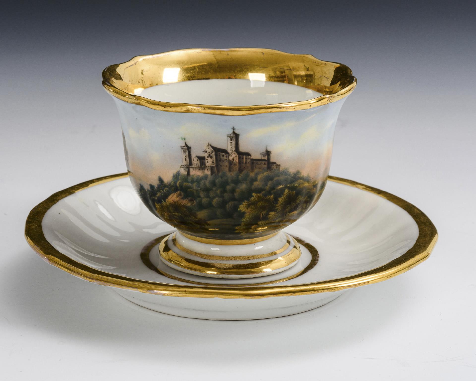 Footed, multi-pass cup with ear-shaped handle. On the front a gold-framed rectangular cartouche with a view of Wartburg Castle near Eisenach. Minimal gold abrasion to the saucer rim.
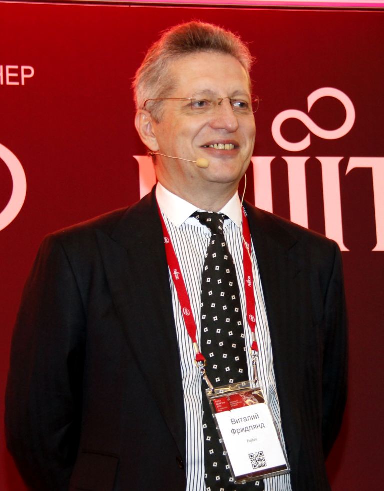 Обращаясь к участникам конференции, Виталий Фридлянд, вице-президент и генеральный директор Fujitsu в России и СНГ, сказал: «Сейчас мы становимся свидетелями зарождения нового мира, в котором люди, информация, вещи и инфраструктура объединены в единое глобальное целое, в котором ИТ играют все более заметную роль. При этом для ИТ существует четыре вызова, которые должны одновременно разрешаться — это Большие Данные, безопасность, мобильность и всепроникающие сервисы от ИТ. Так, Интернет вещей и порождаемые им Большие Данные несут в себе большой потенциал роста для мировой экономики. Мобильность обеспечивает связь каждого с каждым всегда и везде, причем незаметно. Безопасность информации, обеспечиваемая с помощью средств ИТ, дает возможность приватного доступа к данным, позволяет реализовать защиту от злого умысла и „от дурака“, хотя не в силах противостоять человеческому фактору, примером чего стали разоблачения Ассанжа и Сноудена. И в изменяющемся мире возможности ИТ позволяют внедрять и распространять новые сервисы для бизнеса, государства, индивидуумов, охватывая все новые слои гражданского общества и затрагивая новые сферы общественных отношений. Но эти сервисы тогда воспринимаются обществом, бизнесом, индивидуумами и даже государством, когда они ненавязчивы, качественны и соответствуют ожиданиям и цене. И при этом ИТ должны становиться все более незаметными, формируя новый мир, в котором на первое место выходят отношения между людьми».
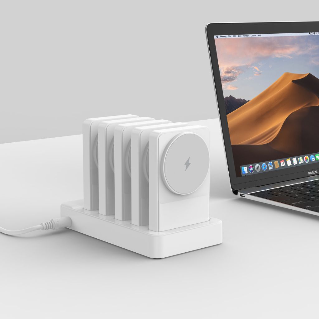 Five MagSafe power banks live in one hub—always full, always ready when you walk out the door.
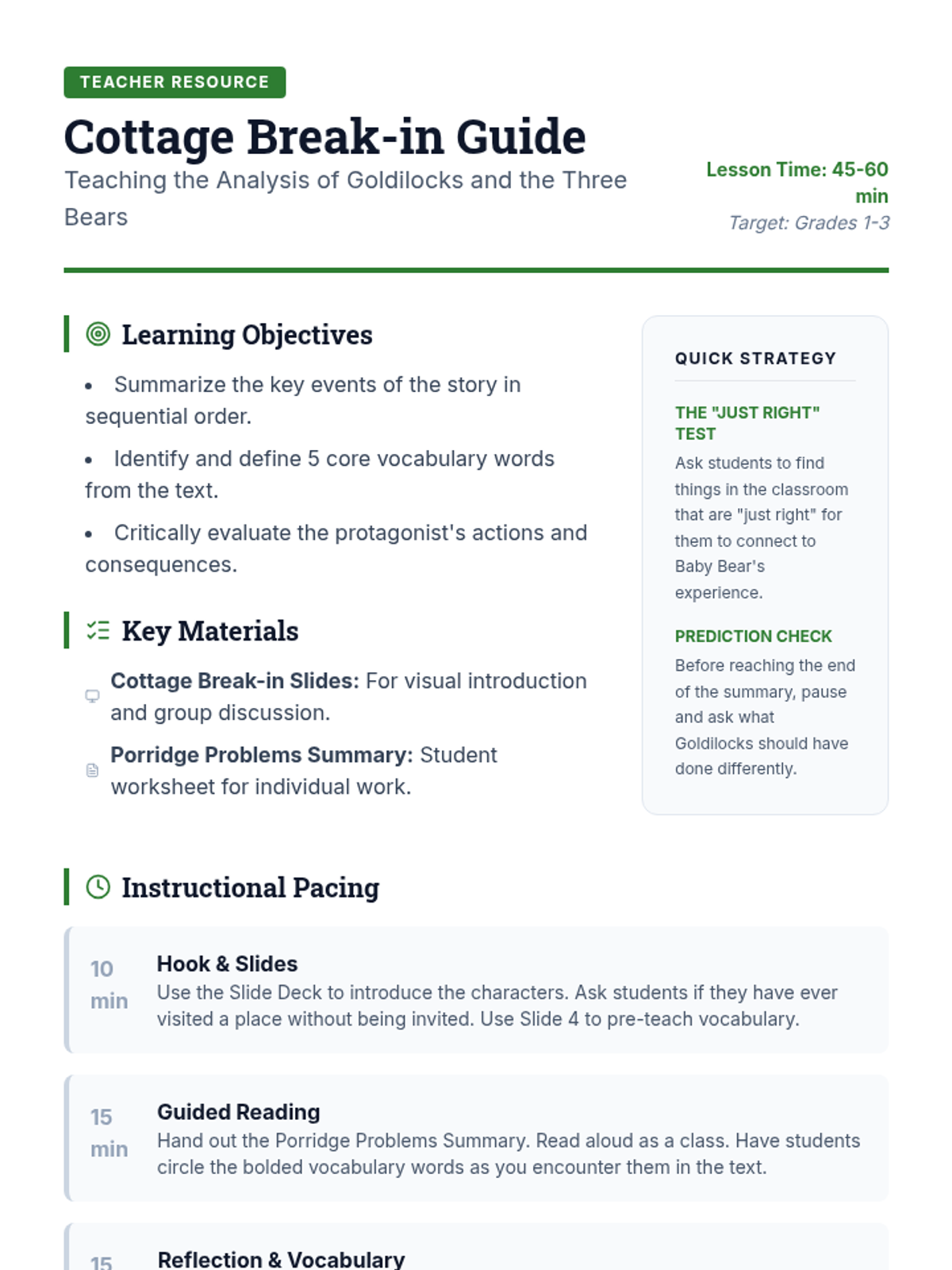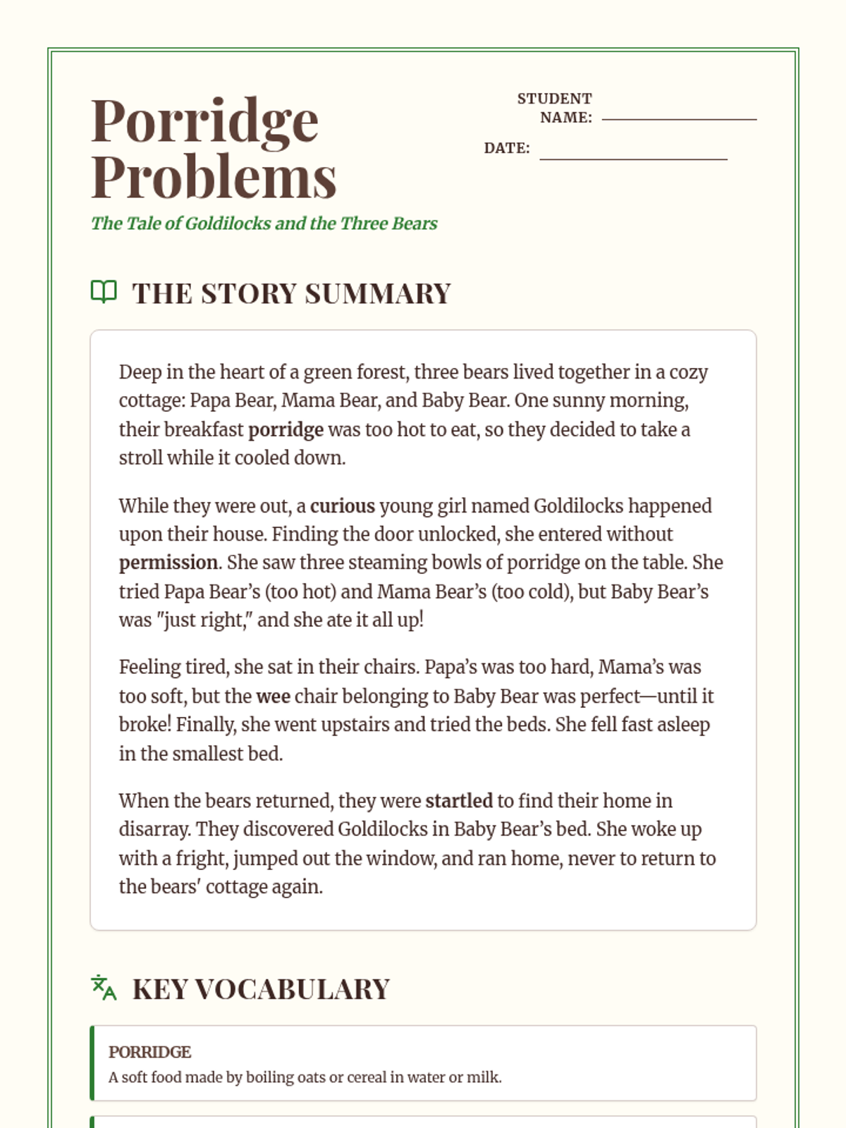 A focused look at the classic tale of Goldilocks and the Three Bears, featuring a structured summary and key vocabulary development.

★ ★ ★ ★ ★

Try it
Copy all the material exactly; omit images.

Response to the task
 Footed, multi-pass cup with ear-shaped handle. On the front a gold-framed rectangular cartouche with a view of Wartburg Castle near Eisenach. Minimal gold abrasion to the saucer rim.
 Обращаясь к участникам конференции, Виталий Фридлянд, вице-президент и генеральный директор Fujitsu в России и СНГ, сказал: «Сейчас мы становимся свидетелями зарождения нового мира, в котором люди, информация, вещи и инфраструктура объединены в единое глобальное целое, в котором ИТ играют все более заметную роль. При этом для ИТ существует четыре вызова, которые должны одновременно разрешаться — это Большие Данные, безопасность, мобильность и всепроникающие сервисы от ИТ. Так, Интернет вещей и порождаемые им Большие Данные несут в себе большой потенциал роста для мировой экономики. Мобильность обеспечивает связь каждого с каждым всегда и везде, причем незаметно. Безопасность информации, обеспечиваемая с помощью средств ИТ, дает возможность приватного доступа к данным, позволяет реализовать защиту от злого умысла и „от дурака“, хотя не в силах противостоять человеческому фактору, примером чего стали разоблачения Ассанжа и Сноудена. И в изменяющемся мире возможности ИТ позволяют внедрять и распространять новые сервисы для бизнеса, государства, индивидуумов, охватывая все новые слои гражданского общества и затрагивая новые сферы общественных отношений. Но эти сервисы тогда воспринимаются обществом, бизнесом, индивидуумами и даже государством, когда они ненавязчивы, качественны и соответствуют ожиданиям и цене. И при этом ИТ должны становиться все более незаметными, формируя новый мир, в котором на первое место выходят отношения между людьми».
 Five MagSafe power banks live in one hub—always full, always ready when you walk out the door.
 A focused look at the classic tale of Goldilocks and the Three Bears, featuring a structured summary and key vocabulary development.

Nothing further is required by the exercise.